-- Work to complete --
Please, without any pictures, set down exactly the part of the listing below that opens with the line containing "누군가에겐 평생 지워지지" and closes with the line containing "耳機尺寸:50.7 × 38.3 × 20.3mm".

++++ Material to process

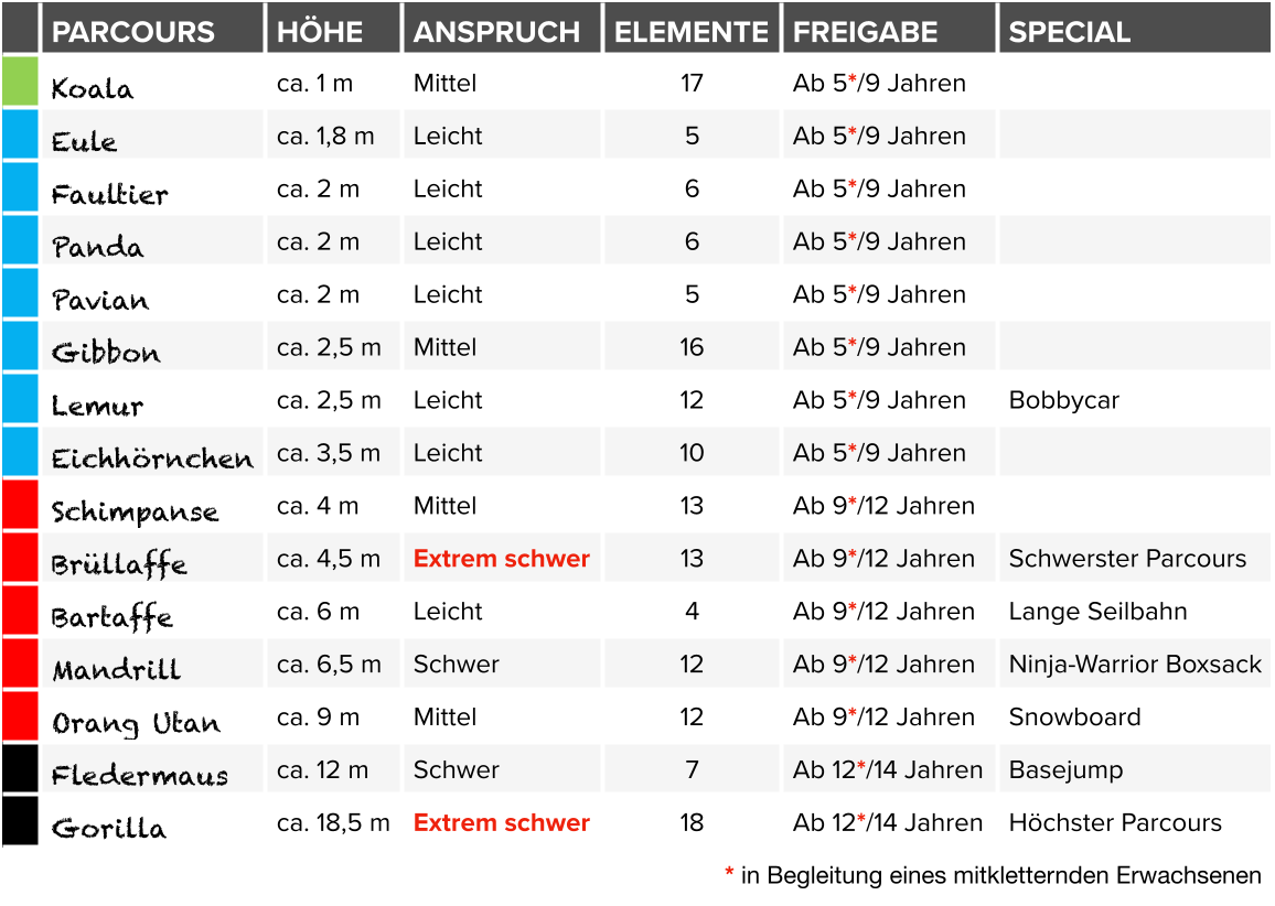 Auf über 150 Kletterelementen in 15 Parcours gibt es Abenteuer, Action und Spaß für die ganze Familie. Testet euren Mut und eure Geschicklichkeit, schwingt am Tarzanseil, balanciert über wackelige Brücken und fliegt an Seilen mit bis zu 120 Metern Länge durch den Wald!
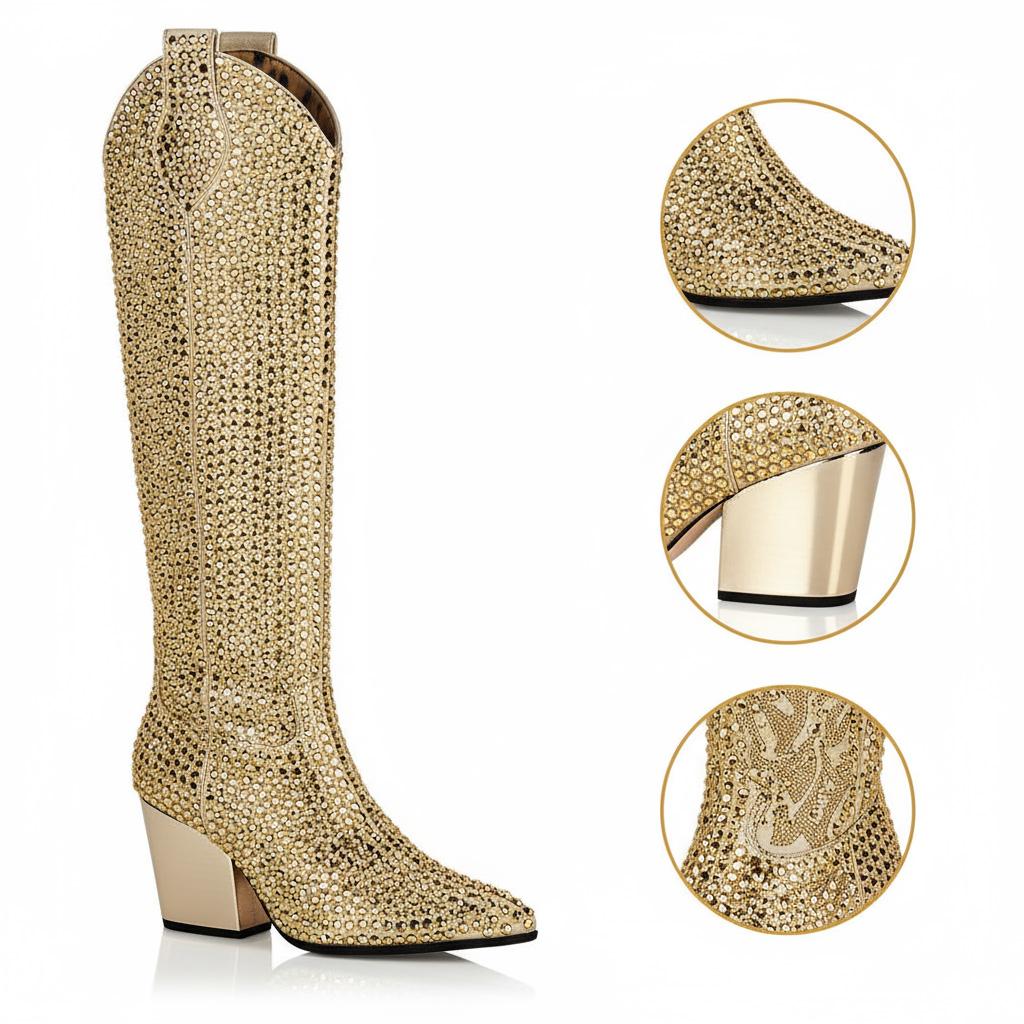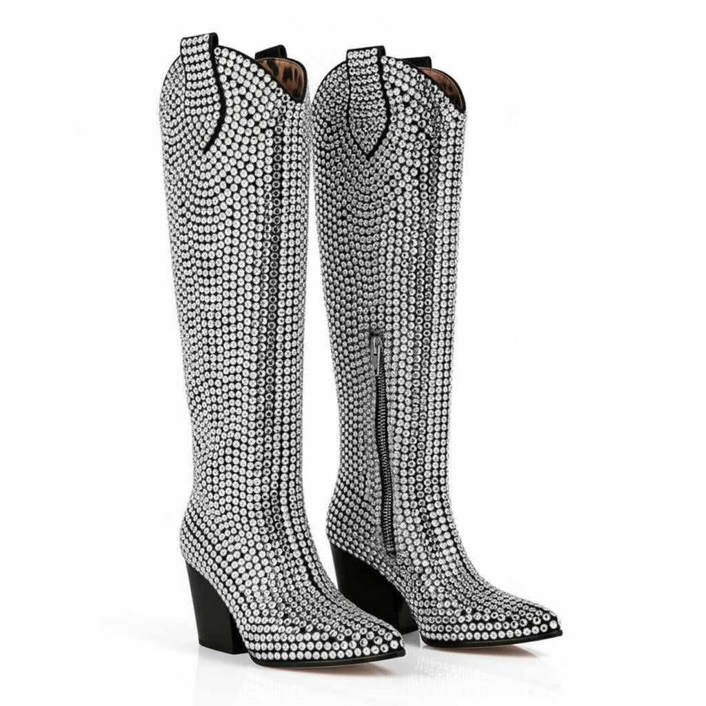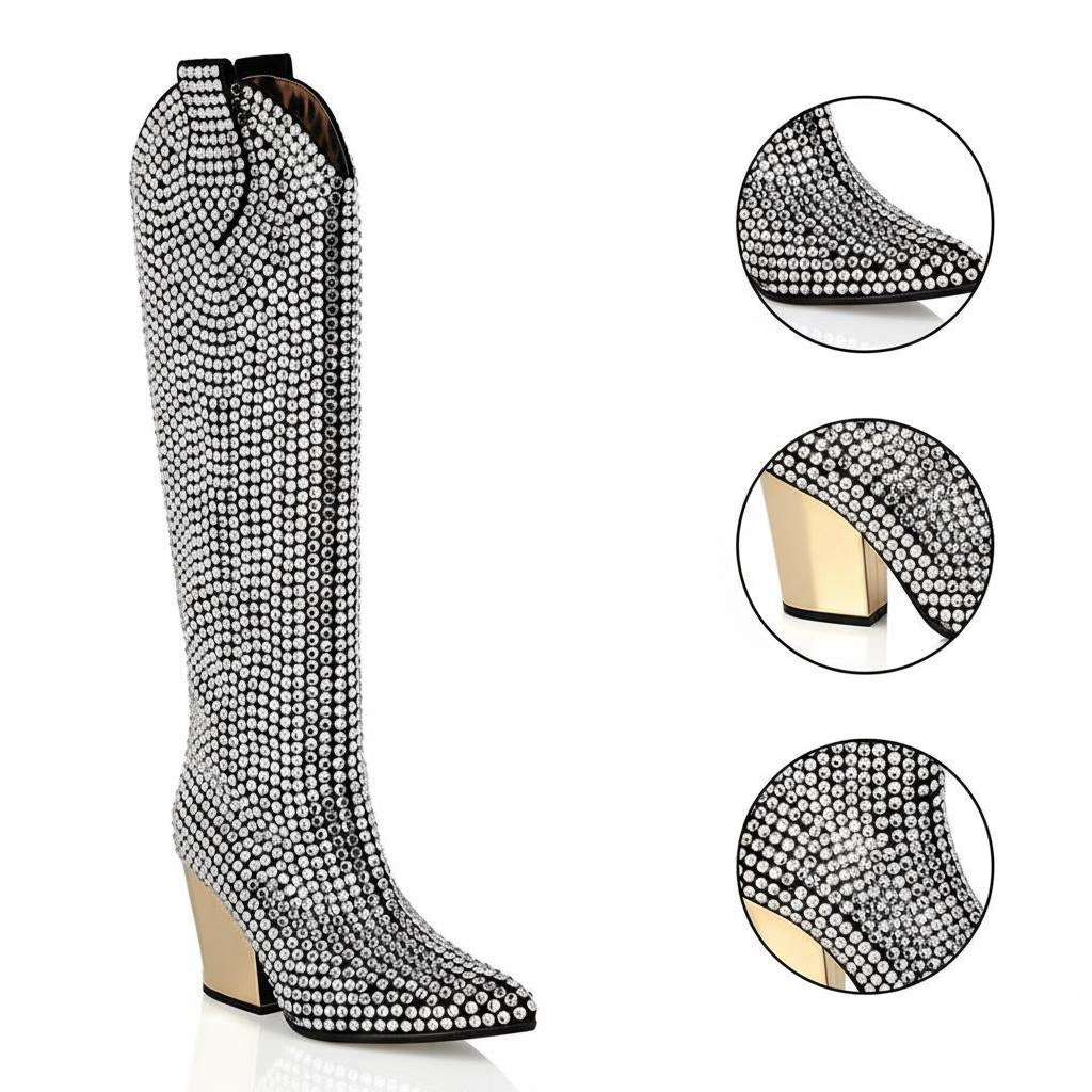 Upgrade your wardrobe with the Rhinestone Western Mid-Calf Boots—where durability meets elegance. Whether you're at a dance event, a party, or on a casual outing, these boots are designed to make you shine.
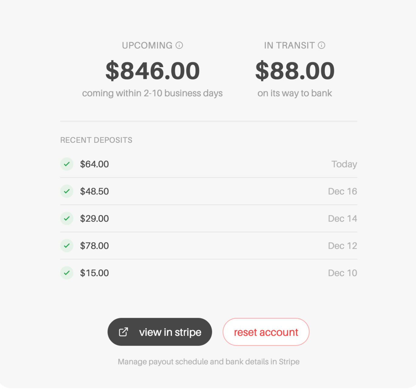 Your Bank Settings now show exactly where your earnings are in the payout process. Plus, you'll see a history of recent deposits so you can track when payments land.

++++++++
++++ Material to process

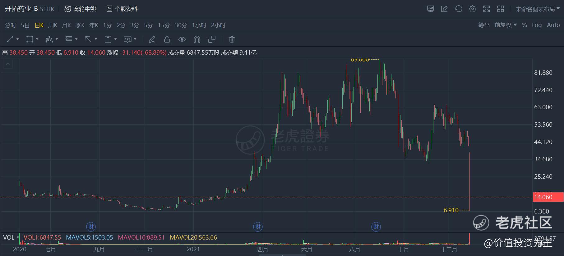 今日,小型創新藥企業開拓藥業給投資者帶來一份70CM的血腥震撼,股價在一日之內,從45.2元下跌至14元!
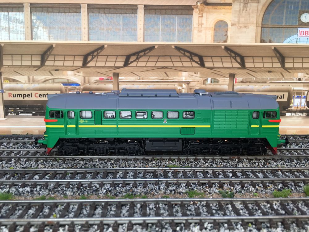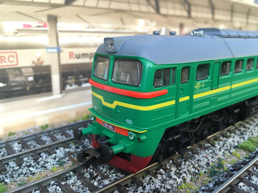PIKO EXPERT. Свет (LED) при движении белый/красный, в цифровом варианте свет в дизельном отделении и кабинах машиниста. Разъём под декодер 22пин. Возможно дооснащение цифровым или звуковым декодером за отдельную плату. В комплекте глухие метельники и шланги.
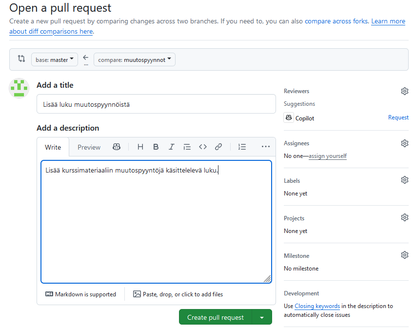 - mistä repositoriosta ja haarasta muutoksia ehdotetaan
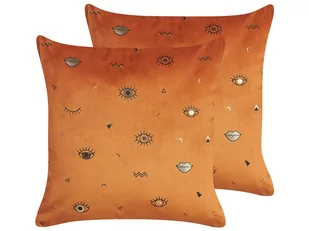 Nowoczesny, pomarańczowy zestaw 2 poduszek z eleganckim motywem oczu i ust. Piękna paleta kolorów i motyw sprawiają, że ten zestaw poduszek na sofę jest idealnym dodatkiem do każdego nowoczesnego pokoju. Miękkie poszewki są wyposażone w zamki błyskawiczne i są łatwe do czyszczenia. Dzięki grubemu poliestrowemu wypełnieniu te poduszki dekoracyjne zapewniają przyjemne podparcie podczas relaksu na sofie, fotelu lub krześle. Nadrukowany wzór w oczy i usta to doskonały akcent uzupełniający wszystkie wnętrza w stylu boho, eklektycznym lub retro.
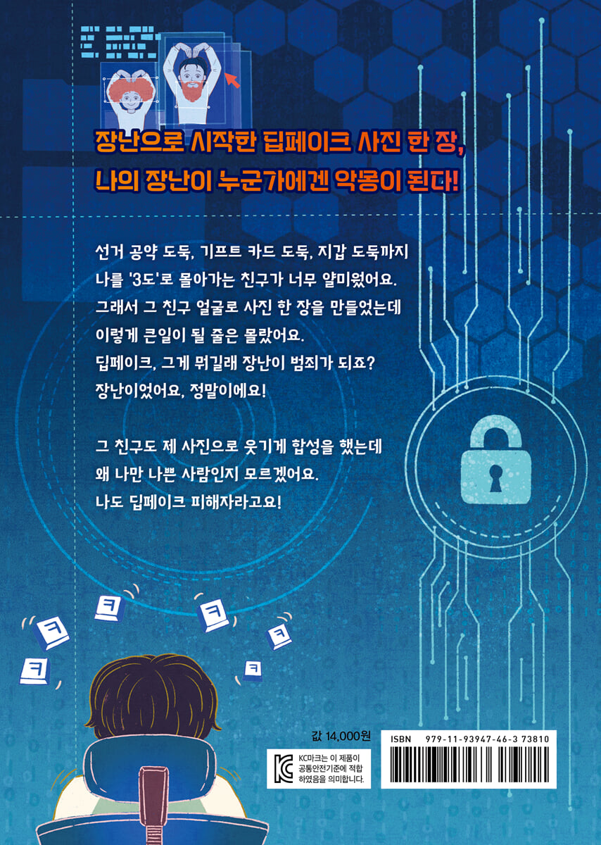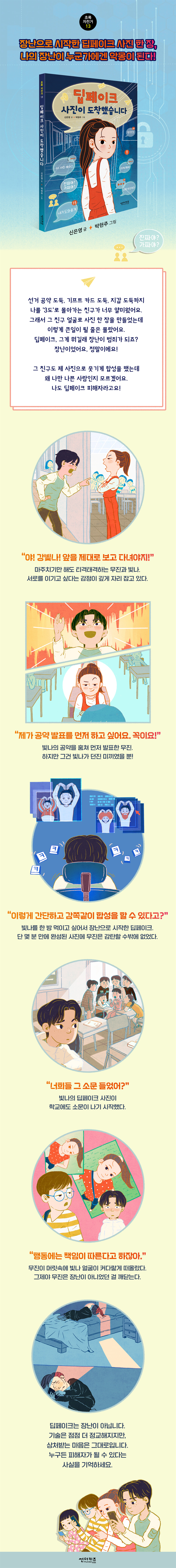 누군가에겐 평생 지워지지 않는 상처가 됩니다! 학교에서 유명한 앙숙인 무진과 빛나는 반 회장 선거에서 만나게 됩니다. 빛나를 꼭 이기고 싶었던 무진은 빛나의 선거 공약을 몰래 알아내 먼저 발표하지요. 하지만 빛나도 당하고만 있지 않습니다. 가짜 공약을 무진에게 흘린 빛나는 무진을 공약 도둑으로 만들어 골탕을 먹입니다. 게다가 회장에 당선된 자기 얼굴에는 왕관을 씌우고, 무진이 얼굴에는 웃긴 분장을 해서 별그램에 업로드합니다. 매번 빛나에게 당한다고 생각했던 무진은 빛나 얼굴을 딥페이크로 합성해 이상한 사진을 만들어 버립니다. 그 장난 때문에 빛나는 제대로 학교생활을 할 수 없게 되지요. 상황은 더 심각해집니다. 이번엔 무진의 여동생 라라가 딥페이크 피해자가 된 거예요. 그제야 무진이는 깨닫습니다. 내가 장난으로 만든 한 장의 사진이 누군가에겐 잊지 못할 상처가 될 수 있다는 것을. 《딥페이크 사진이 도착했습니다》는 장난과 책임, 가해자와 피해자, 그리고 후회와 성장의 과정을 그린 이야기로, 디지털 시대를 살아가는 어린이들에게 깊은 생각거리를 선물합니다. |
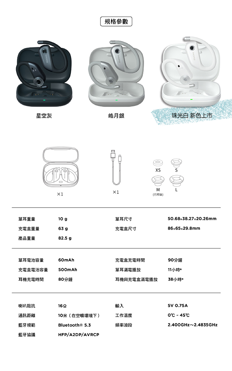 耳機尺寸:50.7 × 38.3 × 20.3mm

++++++++

-- Response --
 누군가에겐 평생 지워지지 않는 상처가 됩니다! 학교에서 유명한 앙숙인 무진과 빛나는 반 회장 선거에서 만나게 됩니다. 빛나를 꼭 이기고 싶었던 무진은 빛나의 선거 공약을 몰래 알아내 먼저 발표하지요. 하지만 빛나도 당하고만 있지 않습니다. 가짜 공약을 무진에게 흘린 빛나는 무진을 공약 도둑으로 만들어 골탕을 먹입니다. 게다가 회장에 당선된 자기 얼굴에는 왕관을 씌우고, 무진이 얼굴에는 웃긴 분장을 해서 별그램에 업로드합니다. 매번 빛나에게 당한다고 생각했던 무진은 빛나 얼굴을 딥페이크로 합성해 이상한 사진을 만들어 버립니다. 그 장난 때문에 빛나는 제대로 학교생활을 할 수 없게 되지요. 상황은 더 심각해집니다. 이번엔 무진의 여동생 라라가 딥페이크 피해자가 된 거예요. 그제야 무진이는 깨닫습니다. 내가 장난으로 만든 한 장의 사진이 누군가에겐 잊지 못할 상처가 될 수 있다는 것을. 《딥페이크 사진이 도착했습니다》는 장난과 책임, 가해자와 피해자, 그리고 후회와 성장의 과정을 그린 이야기로, 디지털 시대를 살아가는 어린이들에게 깊은 생각거리를 선물합니다. |
 耳機尺寸:50.7 × 38.3 × 20.3mm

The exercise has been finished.